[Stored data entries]

"""

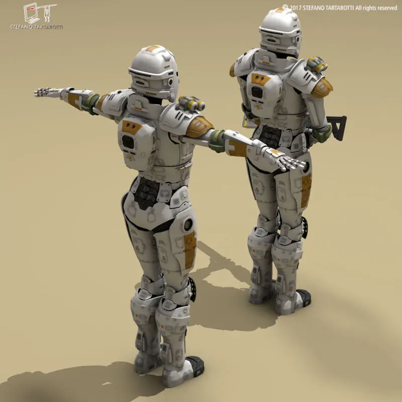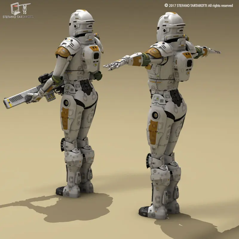 3d model of Sci-fi female armoured soldier with original design and sci-fi rifle model enclosed.I made it for some sci-fi illustration.
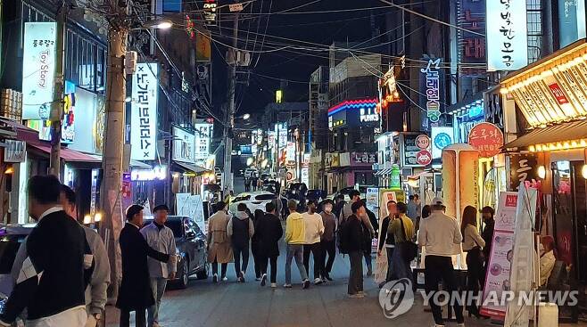 일대에서 식당을 운영하는 백모(62)씨는 "확진자가 줄어서 그런지 경계심이 좀 느슨해진 것 같다"며 "지난 주말부터 젊은 사람들이 거리에 늘었다"고 말했다.
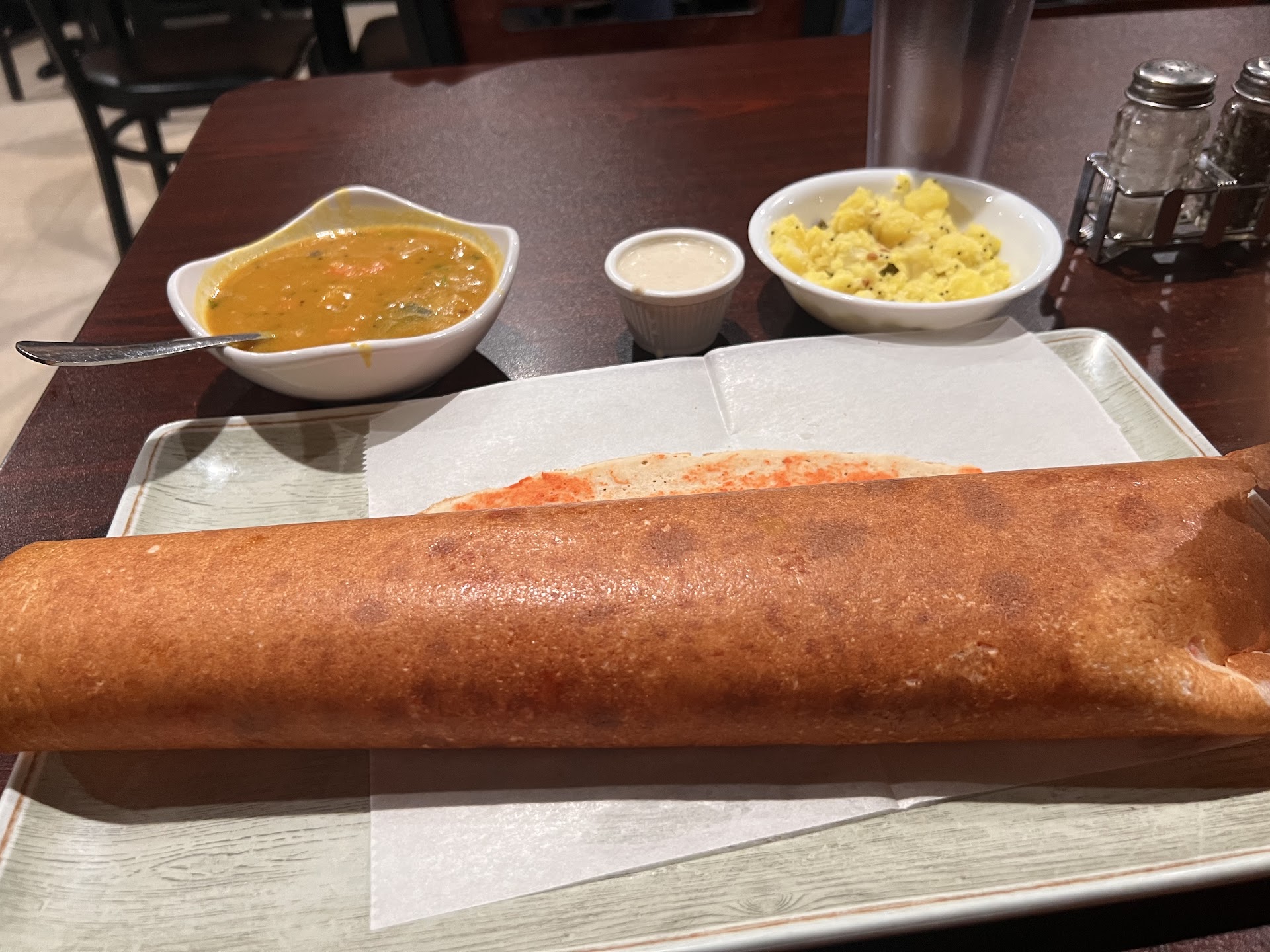 Big talk for a small restaurant. Good intentions, bad food. The mirch from the salan and panner from the butter masala decided to walk out! Having heard of a new Indian restaurant in town, I decided to give it a try. Hoping for a breath of fresh air to welcome another Indian restaurant we went there for dinner on 3/ 4 for dinner around 7pm. The restaurant had opened only on 3/2 and anyone would think the service and food will be good. Well, it was not. When we went in, there wasn’t much crowd, but soon the restaurant was full. Though it appeared that except for us, the rest of them were the obligated folks – friends and family. The buffet had a usual spread as any other Indian restaurant. Being vegetarians, our spread was restricted to – Chutneys and raita – coconut chutney and tomato chutney were okay. Cucumber raita was good, not sour or runny like most other places would have it. Onion pakoda/bajji – soggy, cold and greasy. Fried idly – I didn’t get the point of this dish. Fried pieces of idly with red food coloring and no taste. Panner butter masala – we had to scuba dive into the container to fish out panner pieces. After about a dozen dives we rescued about 6 pieces of panner. Channa masala – just plain salty. Couldn’t taste anything except for the salt. Bhindi masla – there was no okra instead had big chunks of eggplant. The gravy had some seasoning, but the eggplant had no salt and was tasteless. The gravy was nothing except oil. Mirch ka salan – supposed to be chillies in gravy. But this was just a big container full of liquid with no chillies. On checking with the owner we were told that mirch ka salan is just a spicy gravy but Food Network, google and wiki tell me otherwise. Sambar – did not seem appetizing – lacked any form of vegies and had only dal, so skipped it. Panner biryani – spiced rice with rubbery bits of panner. There were four different biryanis, all seemed to have the same rice base with a different topping. Curd rice – surprising good! Kesaribath – okay. No great shakes. Rice kheer – the rice had sunk to the bottom of the container. And the milk was separate and floating on top with the ghee. It appeared like two different dishes. Sharbath – tasted like izzi or sparkle water mixed with frozen fruit punch, there was nothing sharbathi about this. The restaurant did not have any silverware. They had paper and plastic cutlery instead. In a way it seems good because one doesn’t have to worry about the hygiene and if they are cleaned well. But again on the note of hygiene, accidently a few cups fell off the table and the staff picked up the cups from the floor and stacked it back in the buffet. I didn’t grab another cup after that! Every table had open jugs of water. These were already on the table. I had no idea when it was last filled or who had handled it before. I had to wait to get back home to hydrate! They served naan at the table and had a tawa heating some form of kebab. But overall, the impression I got was they were not cooking the food at the restaurant and were bringing it from outside. Maybe this would change after the first week. The owner was boasting on hosting 160 dishes soon. Seems like a nightmare to even imagine how they would taste or be handled. Maybe the panner biryani formula would work – same base with a different topping. Or maybe it would turn to be the case of panner butter masala without the panner or mirch ka salan without the mirch. The ambiance is shoddy with tables literally touching one another. I could have easily digressed and joined a conversation in either of the table next to us. The buffet was $11. To think that it would total to almost $100 if I went there ten times a year, is a lot of money for substandard food. I am happy to have tried the restaurant and will not go again. I don’t recommend this to anyone wanting to try good Indian food. The food was so bad that I did not feel like taking any pictures of...
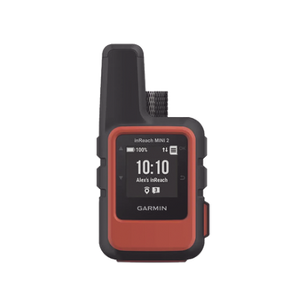 GPS portátil inReach® Mini 2 GARMIN, pantalla 23 x 23 mm IPX7, batería hasta 14 días. Peso 100 g, dimensiones 5.17 x 9.90 x 2.61 cm. Pantalla monocroma transflectiva y conectividad Bluetooth® y ANT+® para un mejor seguimiento de actividades.
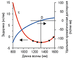 волноводной дисперсии всегда больше нуля, то коэффициент материальной дисперсии
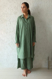 The Tailcoat Shift is a long, oversized shirt style crafted from fine, soft handwoven cotton. Designed for effortless sophistication, it drapes beautifully while ensuring all-day comfort. The jade stripe pattern adds a timeless charm, complemented by a classic shirt collar for a polished touch. Full cuffed sleeves enhance its structured appeal, while functional side pockets offer practicality. Versatile and easy to style, this piece can be worn as a dress or layered over trousers for a relaxed yet refined look.
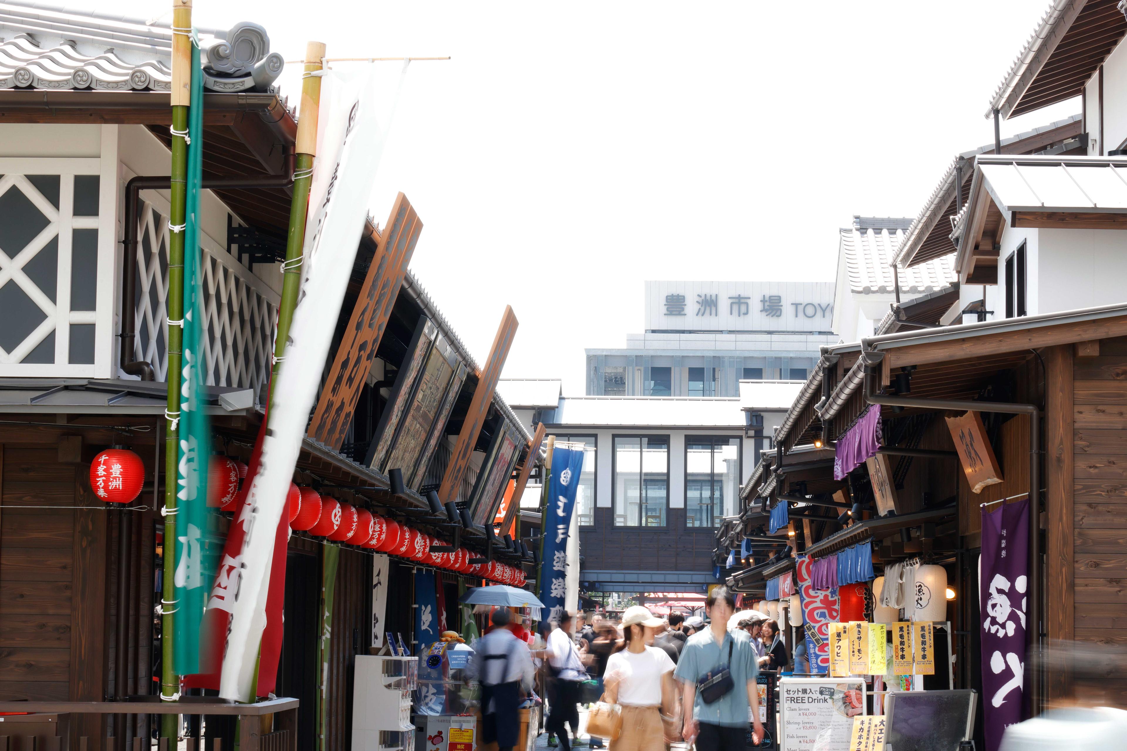 豊洲市場に隣接する豊洲 千客万来は、豊洲ならではのグルメを楽しめる食楽棟「豊洲場外 江戸前市場」と、箱根・湯河原の温泉を楽しめる温浴棟「東京豊洲 万葉倶楽部」からなる体験型観光施設です。食楽棟の2~3階の木造部には、多摩産材を使用した「COOL WOOD(1時間耐火仕様)」を採用し、日本最大級の木造耐火商業施設を実現しました。江戸の街並みを現代に再現し、日本の食・娯楽・建築文化の魅力を国内外に発信する東京の新名所です。

"""

All of the data must be given again exactly, without the pictures.

 3d model of Sci-fi female armoured soldier with original design and sci-fi rifle model enclosed.I made it for some sci-fi illustration.
 일대에서 식당을 운영하는 백모(62)씨는 "확진자가 줄어서 그런지 경계심이 좀 느슨해진 것 같다"며 "지난 주말부터 젊은 사람들이 거리에 늘었다"고 말했다.
 Big talk for a small restaurant. Good intentions, bad food. The mirch from the salan and panner from the butter masala decided to walk out! Having heard of a new Indian restaurant in town, I decided to give it a try. Hoping for a breath of fresh air to welcome another Indian restaurant we went there for dinner on 3/ 4 for dinner around 7pm. The restaurant had opened only on 3/2 and anyone would think the service and food will be good. Well, it was not. When we went in, there wasn’t much crowd, but soon the restaurant was full. Though it appeared that except for us, the rest of them were the obligated folks – friends and family. The buffet had a usual spread as any other Indian restaurant. Being vegetarians, our spread was restricted to – Chutneys and raita – coconut chutney and tomato chutney were okay. Cucumber raita was good, not sour or runny like most other places would have it. Onion pakoda/bajji – soggy, cold and greasy. Fried idly – I didn’t get the point of this dish. Fried pieces of idly with red food coloring and no taste. Panner butter masala – we had to scuba dive into the container to fish out panner pieces. After about a dozen dives we rescued about 6 pieces of panner. Channa masala – just plain salty. Couldn’t taste anything except for the salt. Bhindi masla – there was no okra instead had big chunks of eggplant. The gravy had some seasoning, but the eggplant had no salt and was tasteless. The gravy was nothing except oil. Mirch ka salan – supposed to be chillies in gravy. But this was just a big container full of liquid with no chillies. On checking with the owner we were told that mirch ka salan is just a spicy gravy but Food Network, google and wiki tell me otherwise. Sambar – did not seem appetizing – lacked any form of vegies and had only dal, so skipped it. Panner biryani – spiced rice with rubbery bits of panner. There were four different biryanis, all seemed to have the same rice base with a different topping. Curd rice – surprising good! Kesaribath – okay. No great shakes. Rice kheer – the rice had sunk to the bottom of the container. And the milk was separate and floating on top with the ghee. It appeared like two different dishes. Sharbath – tasted like izzi or sparkle water mixed with frozen fruit punch, there was nothing sharbathi about this. The restaurant did not have any silverware. They had paper and plastic cutlery instead. In a way it seems good because one doesn’t have to worry about the hygiene and if they are cleaned well. But again on the note of hygiene, accidently a few cups fell off the table and the staff picked up the cups from the floor and stacked it back in the buffet. I didn’t grab another cup after that! Every table had open jugs of water. These were already on the table. I had no idea when it was last filled or who had handled it before. I had to wait to get back home to hydrate! They served naan at the table and had a tawa heating some form of kebab. But overall, the impression I got was they were not cooking the food at the restaurant and were bringing it from outside. Maybe this would change after the first week. The owner was boasting on hosting 160 dishes soon. Seems like a nightmare to even imagine how they would taste or be handled. Maybe the panner biryani formula would work – same base with a different topping. Or maybe it would turn to be the case of panner butter masala without the panner or mirch ka salan without the mirch. The ambiance is shoddy with tables literally touching one another. I could have easily digressed and joined a conversation in either of the table next to us. The buffet was $11. To think that it would total to almost $100 if I went there ten times a year, is a lot of money for substandard food. I am happy to have tried the restaurant and will not go again. I don’t recommend this to anyone wanting to try good Indian food. The food was so bad that I did not feel like taking any pictures of...
 GPS portátil inReach® Mini 2 GARMIN, pantalla 23 x 23 mm IPX7, batería hasta 14 días. Peso 100 g, dimensiones 5.17 x 9.90 x 2.61 cm. Pantalla monocroma transflectiva y conectividad Bluetooth® y ANT+® para un mejor seguimiento de actividades.
 волноводной дисперсии всегда больше нуля, то коэффициент материальной дисперсии
 The Tailcoat Shift is a long, oversized shirt style crafted from fine, soft handwoven cotton. Designed for effortless sophistication, it drapes beautifully while ensuring all-day comfort. The jade stripe pattern adds a timeless charm, complemented by a classic shirt collar for a polished touch. Full cuffed sleeves enhance its structured appeal, while functional side pockets offer practicality. Versatile and easy to style, this piece can be worn as a dress or layered over trousers for a relaxed yet refined look.
 豊洲市場に隣接する豊洲 千客万来は、豊洲ならではのグルメを楽しめる食楽棟「豊洲場外 江戸前市場」と、箱根・湯河原の温泉を楽しめる温浴棟「東京豊洲 万葉倶楽部」からなる体験型観光施設です。食楽棟の2~3階の木造部には、多摩産材を使用した「COOL WOOD(1時間耐火仕様)」を採用し、日本最大級の木造耐火商業施設を実現しました。江戸の街並みを現代に再現し、日本の食・娯楽・建築文化の魅力を国内外に発信する東京の新名所です。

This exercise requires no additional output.